What the task requires
Repeat the records exactly. Leave out the pictures.

The records
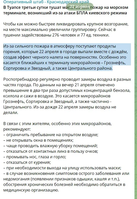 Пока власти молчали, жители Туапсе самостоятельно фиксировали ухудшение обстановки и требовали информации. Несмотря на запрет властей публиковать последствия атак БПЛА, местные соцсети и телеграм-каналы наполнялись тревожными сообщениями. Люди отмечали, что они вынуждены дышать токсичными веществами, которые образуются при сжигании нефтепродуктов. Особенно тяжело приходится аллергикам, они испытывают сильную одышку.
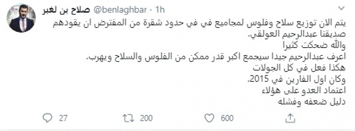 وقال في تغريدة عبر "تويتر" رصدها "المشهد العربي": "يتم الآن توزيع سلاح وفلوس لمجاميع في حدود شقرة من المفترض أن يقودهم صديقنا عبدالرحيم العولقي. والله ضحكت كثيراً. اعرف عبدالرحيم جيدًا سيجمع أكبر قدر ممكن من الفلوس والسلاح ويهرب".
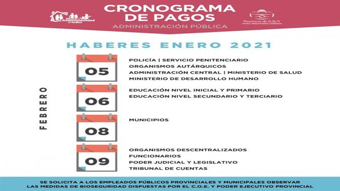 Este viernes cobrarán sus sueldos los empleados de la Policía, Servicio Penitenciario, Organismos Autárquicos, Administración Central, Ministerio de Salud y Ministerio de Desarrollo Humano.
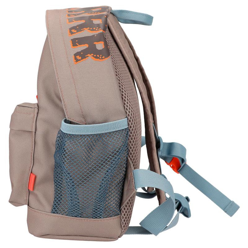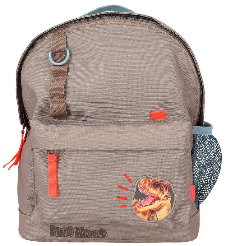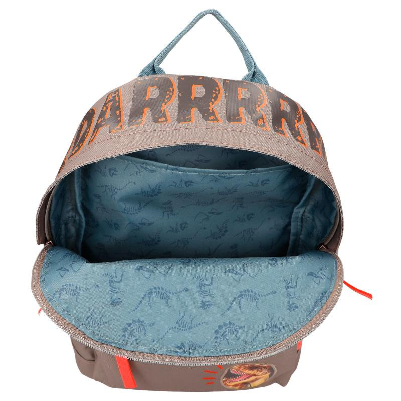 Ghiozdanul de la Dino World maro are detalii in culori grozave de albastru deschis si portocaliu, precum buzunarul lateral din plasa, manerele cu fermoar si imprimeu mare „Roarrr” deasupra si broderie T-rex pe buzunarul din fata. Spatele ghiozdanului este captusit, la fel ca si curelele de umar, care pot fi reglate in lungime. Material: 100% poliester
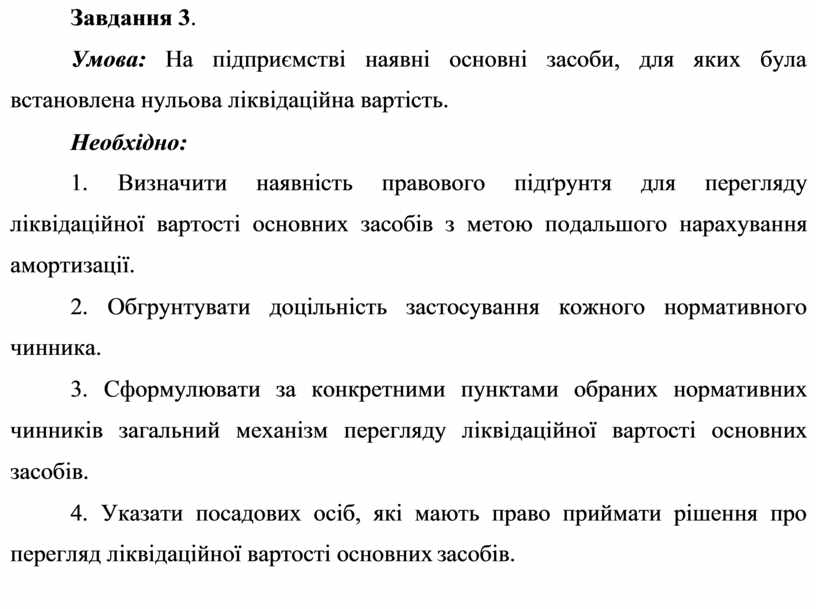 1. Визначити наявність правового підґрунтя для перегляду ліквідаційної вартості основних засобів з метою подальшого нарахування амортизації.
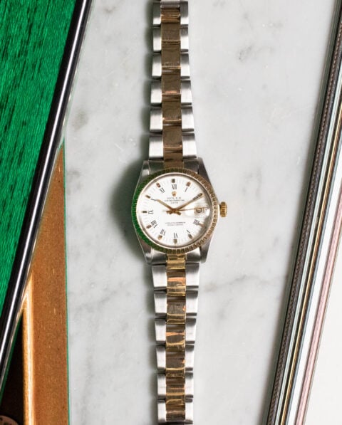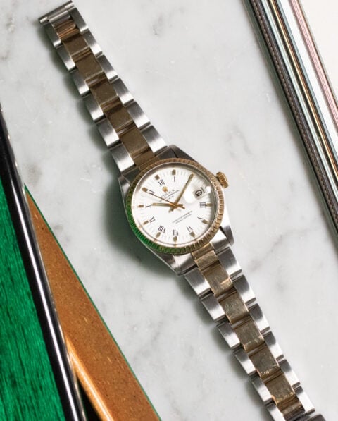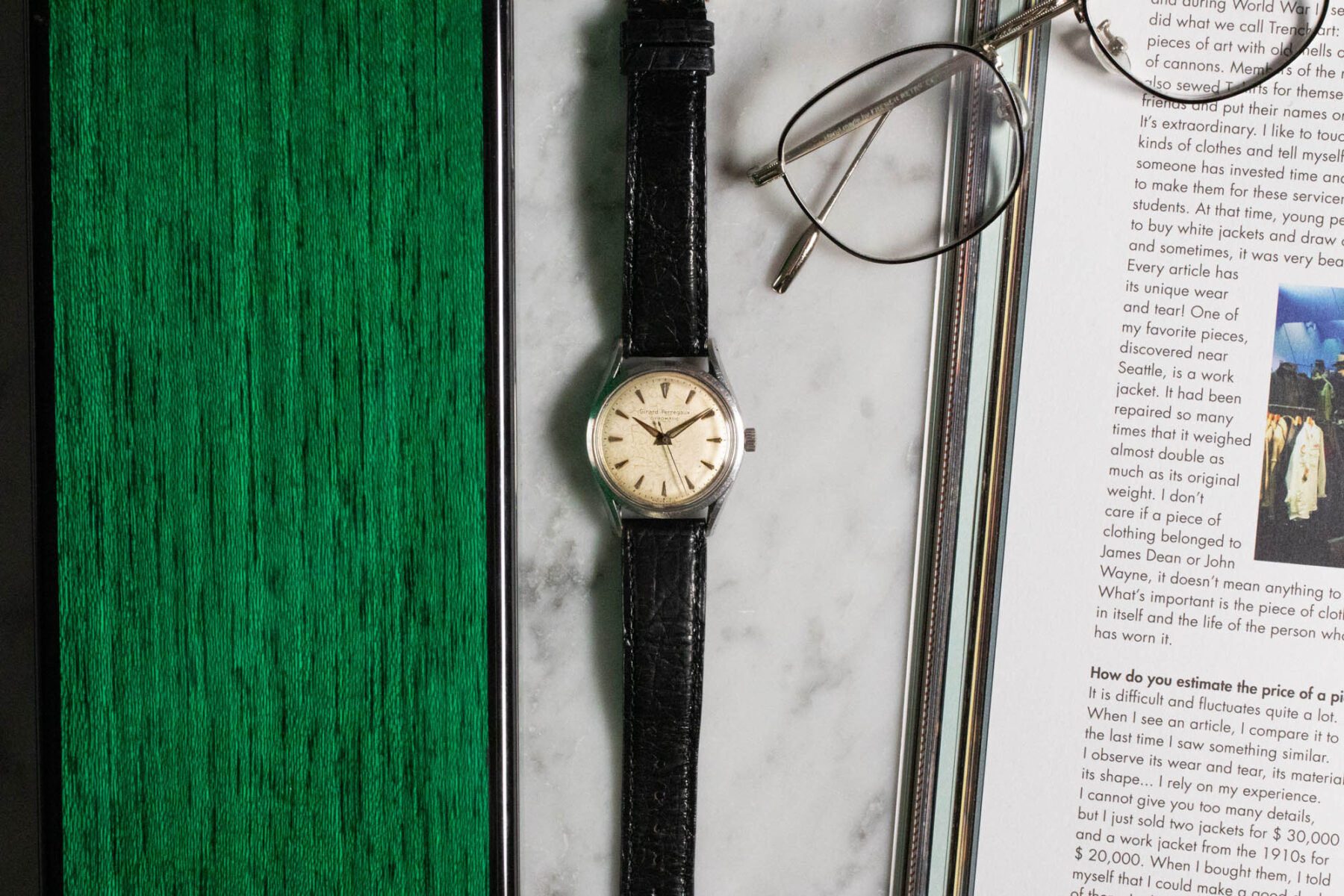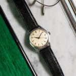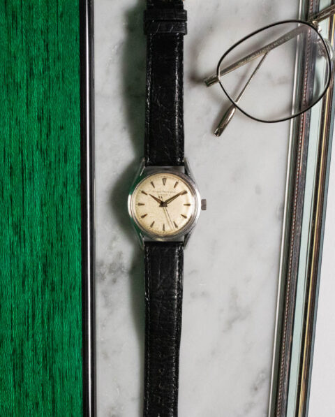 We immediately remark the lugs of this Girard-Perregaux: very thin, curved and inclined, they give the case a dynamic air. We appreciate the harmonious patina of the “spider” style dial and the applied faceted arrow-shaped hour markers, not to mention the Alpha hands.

Response to this exercise
 Пока власти молчали, жители Туапсе самостоятельно фиксировали ухудшение обстановки и требовали информации. Несмотря на запрет властей публиковать последствия атак БПЛА, местные соцсети и телеграм-каналы наполнялись тревожными сообщениями. Люди отмечали, что они вынуждены дышать токсичными веществами, которые образуются при сжигании нефтепродуктов. Особенно тяжело приходится аллергикам, они испытывают сильную одышку.
 وقال في تغريدة عبر "تويتر" رصدها "المشهد العربي": "يتم الآن توزيع سلاح وفلوس لمجاميع في حدود شقرة من المفترض أن يقودهم صديقنا عبدالرحيم العولقي. والله ضحكت كثيراً. اعرف عبدالرحيم جيدًا سيجمع أكبر قدر ممكن من الفلوس والسلاح ويهرب".
 Este viernes cobrarán sus sueldos los empleados de la Policía, Servicio Penitenciario, Organismos Autárquicos, Administración Central, Ministerio de Salud y Ministerio de Desarrollo Humano.
 Ghiozdanul de la Dino World maro are detalii in culori grozave de albastru deschis si portocaliu, precum buzunarul lateral din plasa, manerele cu fermoar si imprimeu mare „Roarrr” deasupra si broderie T-rex pe buzunarul din fata. Spatele ghiozdanului este captusit, la fel ca si curelele de umar, care pot fi reglate in lungime. Material: 100% poliester
 1. Визначити наявність правового підґрунтя для перегляду ліквідаційної вартості основних засобів з метою подальшого нарахування амортизації.
 We immediately remark the lugs of this Girard-Perregaux: very thin, curved and inclined, they give the case a dynamic air. We appreciate the harmonious patina of the “spider” style dial and the applied faceted arrow-shaped hour markers, not to mention the Alpha hands.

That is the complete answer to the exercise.